Твой дар ценить умею,
Хоть право не знаток;
Но здесь тебе не смею
Хвалы сплетать венок:
Свистовским должно слогом
Свистова воспевать;
Но, убирайся с богом,
Как ты, в том клясться рад,
Не стану я писать [13].

В стихотворном «Послании цензору» (1822) Барков стал одним из аргументов Пушкина в рассуждениях о небезусловной непререкаемости роли цензуры в литературе:

И рукопись его, не погибая в Лете,
Без подписи твоей разгуливает в свете.
Барков шутливых од тебе не посылал,
Радищев, рабства враг, цензуры избежал…
И Пушкина стихи в печати не бывали;
Что нужды? Их и так иные прочитали [14].

Показательно, что в черновом тексте остался вариант начальных стихов, содержавших, на примере сочинений Баркова, иную пушкинскую оценку роли цензуры:

Потребности Ума не всюду таковы
Сегодня разреши свободу нам тисненья
Что завтра выдет в свет: Баркова сочиненья [15].
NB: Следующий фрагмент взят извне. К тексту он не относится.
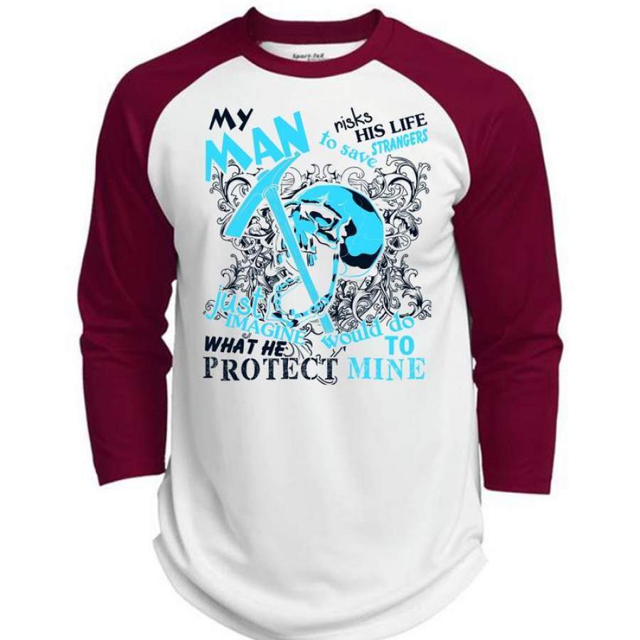 My Man Risks His Life T Shirt, I Love Mining T Shirt, Awesome T-Shirts (Polyester Game Baseball Jersey)
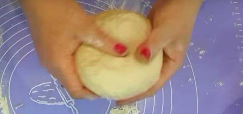 Замесить тесто. Оно должно получиться однородным, нелипким. Сформировать из него шар, прикрыть салфеткой и отставить минут на 15.

Очевидная снижающая оценка Пушкиным достоинств сочинений Баркова, как уже отмечалось, входит в противоречие с версией создания им в обозначенном хронологическом пространстве поэмы «Тень Баркова», в которой Барков выступает едва ли не в роли одного из тех Героев, которым он сам посвящал свои «срамные» произведения («марал простенки кабаков», по словам Пушкина). Богатейшая аргументация авторитетных ученых прежних и нынешних времен в новейшем фундаментальном труде венчается реконструкцией сохранившейся в нескольких списках анонимной поэмы, и эта реконструкция сопровождается, в конце концов, едва ли не пародийным резюме: «Без риска ошибиться можно утверждать, что текста, публикуемого ниже, среди рукописей Пушкина не было никогда – но каждая его строка могла быть написана Пушкиным именно так, а не иначе» [16]. Это чуть ли не парафраз рассуждений нигилиста Базарова в диалоге с Аркадием Кирсановым в «Отцах и детях» Тургенева: «…„Природа навевает молчание сна“, – сказал Пушкин.

– Никогда он ничего подобного не сказал, – промолвил Аркадий.

– Ну, не сказал, так мог и должен был сказать, в качестве поэта…» [17]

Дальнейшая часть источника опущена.